Inclusion Criteria:
1. Meets clinical criteria for leukapheresis or has a leukapheresis product previously collected and stored per recommended guidelines.
2. Provision of signed and dated consent form from parent or guardian (patients \<18), the patient themselves (\>18), or legally authorized representative (patient \>18 who lack decision-making capacity); Pediatric patients will be included in age-appropriate discussions and assent will be obtained for those \> 7 years of age, when appropriate, according to institutional standards.
3. Willingness to participate in long term follow up study.
4. Stated willingness to comply with all study procedures and be available for the duration of the study.
5. Males OR non-pregnant, non-breastfeeding females.
o Patients of child-bearing potential or capable of fathering a child must agree to use highly effective contraception from the time of initial CAR T cell administration though 12 months following the final administration of investigational product.
6. Aged 31 days to 30 years (inclusive) at time of consent and enrollment.
7. Acute Lymphoblastic Leukemia (ALL) OR Non-Hodgkin Lymphoma (NHL) of B-cell origin that:
o Has confirmed expression of CD19 by flow cytometry, immunohistochemistry (IHC), or both.
Cohort One Criteria:
* Meets any one of the following conditions:
* Relapsed two or more times
* Relapsed at any time after allogeneic BMT
* Refractory to standard therapy as determined by the treating physician
* Meets criteria for BMT but is ineligible as determined by the treating physician
* Patient and/or parents declining BMT options and would prefer CAR-T Therapy.
* Non-Hodgkin Lymphoma includes all of the following:
* Diffuse large B-cell lymphoma (DLBCL)
* Burkitt Lymphoma
* Intermediate lymphoma between Burkitt and DLBCL
* Primary Mediastinal B-cell Lymphoma (PMBL)
* Follicular lymphoma
* High grade B cell lymphoma
* Transformed lymphoma
Cohort Two Criteria:
* B-ALL in first relapse with any one of the following conditions:
* High-risk genomic alterations at initial diagnosis such as KMT2A gene rearrangement, t(17;19), hypodiploidy, Ph-like mutations, BCR-ABL1 fusion (Ph+ ALL), iAMP21, and TP53 inactivating mutation/deletion.
* Isolated CNS relapse such that cranial radiation would be indicated as a component of standard salvage therapy.
* Down syndrome.
* Minimal residual disease (MRD) positivity of \> 0.01% by FACS or \> 0 clonal sequences by NGS in bone marrow post re-induction chemotherapy.

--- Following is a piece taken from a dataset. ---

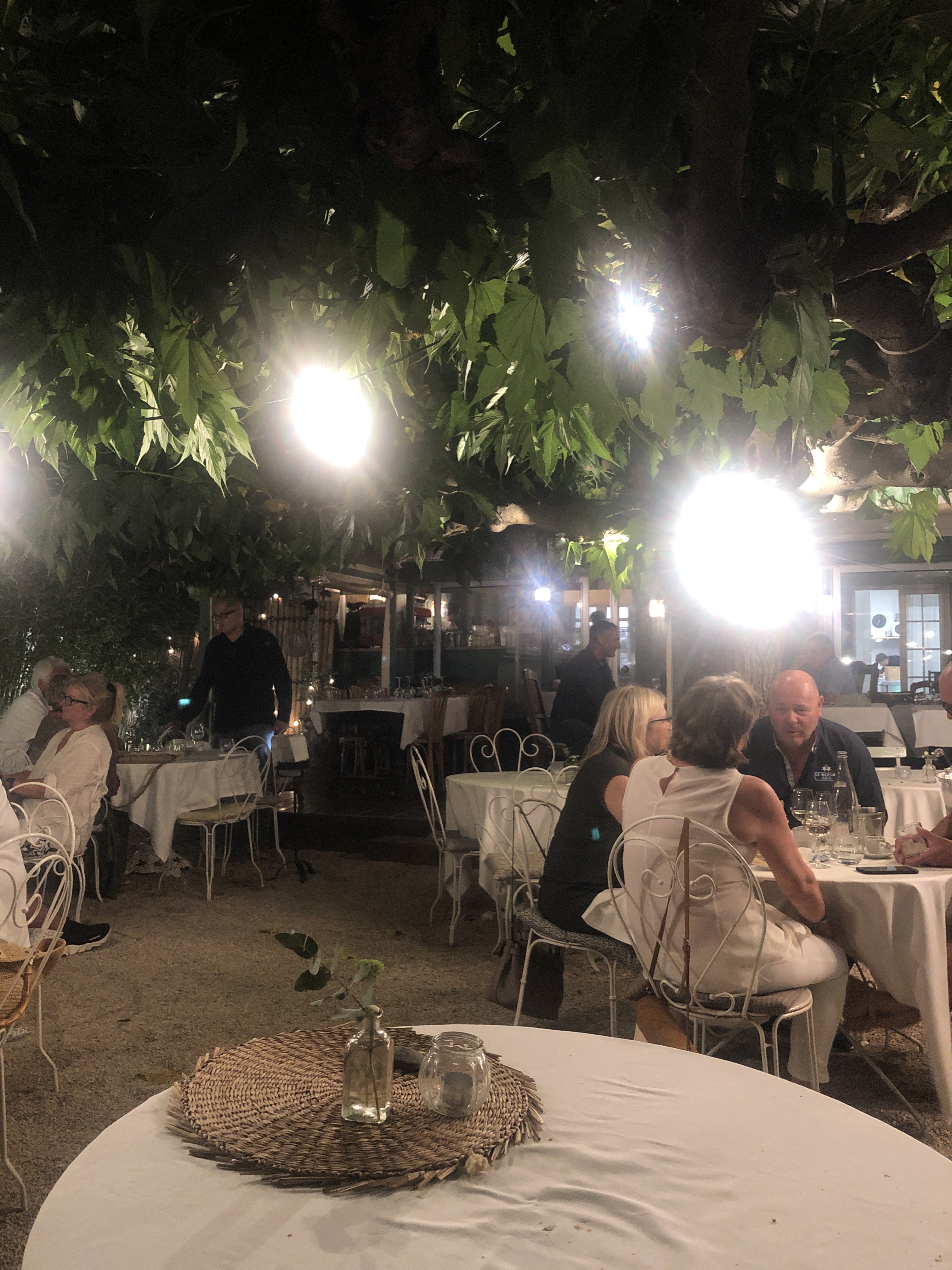 Excellente adresse, beau cadre, cuisine au feu de bois et addition normale hors des délires tropezien. Dîner en famille dans un jardin cosy et tranquille. Pensez à Reserver à l'avance. Équipe pro et attentionnée. Bonne cuisine. Prix normaux (46€ le bar de 700g pour 2, apéro à 4-6€ pour les enfants, excellente pana cotta en dessert, glace artisanale...

* Age 18 years or older. OR
* Newly diagnosed with persistent MRD ≥ 0.01% by flow cytometry in bone marrow at end of consolidation.
8. Performance score (Lansky or Karnofsky) of 50% or better;
9. Unable to or declined to receive commercially available CD19 CAR-T Therapy.
Exclusion Criteria:
1. Evidence of rapidly progressive disease without adequate salvage/bridging regimens as determined by the investigator.
2. Active Graft-versus-Host Disease (GvHD).
3. Active, uncontrolled, life-threatening infection that at the determination of the treating physician would preclude safe leukapheresis or tolerance of LD chemotherapy, cell infusion, or cytokine release syndrome.
4. Evidence of severe organ dysfunction as defined by:
* Myocardial dysfunction: Ejection fraction ≤ 40% or shortening fraction ≤ 28%, evidence of physiologically significant pericardial effusion as determined by an echocardiogram (ECHO), and clinically significant electrocardiogram (ECG) findings.
* Baseline oxygen saturation of ≤ 90% on room air
* Transaminases \> 10x upper limit of normal (ULN) or bilirubin \>2x the ULN, unless thought to be related to primary disease
* Estimated Cr clearance \<60 mL/min/1.73 m2 (if nuclear medicine GFR or other more specific testing exceeds this level than it can supersede the estimated clearance)
5. Post-pubertal females that are pregnant, planning to become pregnant, or unwilling to use birth control (includes abstinence) for the study duration.
6. Known HIV infection, or active Hepatitis B or active Hepatitis C infection.
7. Prior gene therapy, including prior CAR-T cell.